Back to the future in pulmonary arterial hypertension. Data collected from the Madrid cohort14 were put into perspective to previous developments ( 30 years) such as World Symposia on Pulmonary Hypertension (WSPH; red), the European Society of Cardiology (ESC) and the European Respiratory Society (ERS) guidelines on pulmonary hypertension (green), and the introduction of targeted pulmonary arterial hypertension therapies (blue). In addition, future developments (+ 30 years) are outlined, which include improvement of diagnostic tools and treatment strategies, and future guidelines. PAH, pulmonary arterial hypertension.

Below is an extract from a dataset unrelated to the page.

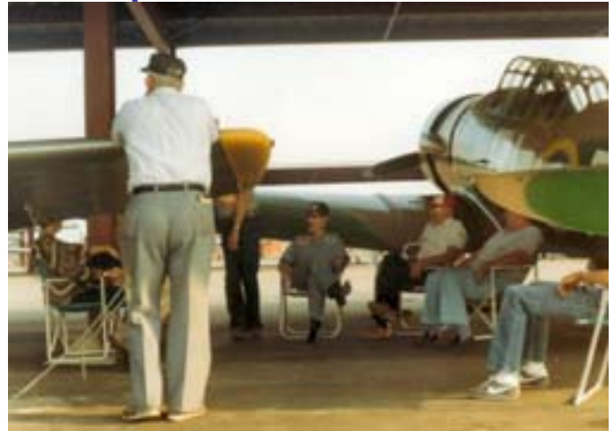
In between Weiser Airport and Hangar B-5, there was a time where the normal meeting place was under the sheds on the east side of West Houston (then Lakeside) Airport

What could the future bring us? Improved understanding of genetics/epigenetics, the establishment of novel biomarkers, as well as improved imaging techniques should help us to detect PAH at earlier stages, and to better capture high-risk scenarios and treatment responses in both the pulmonary circulation and right ventricle. It is important to note that–despite significant improvements–we remain far from being able to cure PAH, and patients are still affected by significant morbidity and mortality. Hence, it is crucial to identify further treatable targets and to develop additional, disease-modifying therapies. Nowadays, PAH is not only considered to result from a dysregulation of vascular tone, but is recognized as a proliferative disease of the small pulmonary resistance vessels. Current research approaches focus on antiremodeling strategies, inflammatory mediators, and mitochondrial function and metabolism.7,24 Is this new? PAH was probably first described in 1865 by Julius Klob, a pathologist from Austria, who described “endarteriitis pulmonalis deformans” as a “disease that is characterized by an increase in mass of the inner vessel skin which grows out to form a pseudomembraneous connective tissue”.25 Astonishingly and intriguingly, Klob also noted that “this entity was occasionally–but not always–associated with inflammation”. Thus, what was observed more than 150 years ago still appears to be the basis for today's modern research concepts. The first clinical step toward antiremodeling therapies may have been the IMPRES trial, which demonstrated that the tyrosine kinase inhibitor imatinib–acting via antiproliferative and proapoptotic actions–substantially improved exercise capacity and pulmonary hemodynamics in severe PAH, when given in addition to approved targeted therapies.26 While safety concerns impeded the approval of imatinib for PAH, it may be of key importance to follow-up on this promising strategy and to further develop therapies that truly target the underlying morphological alterations of the pulmonary arterioles.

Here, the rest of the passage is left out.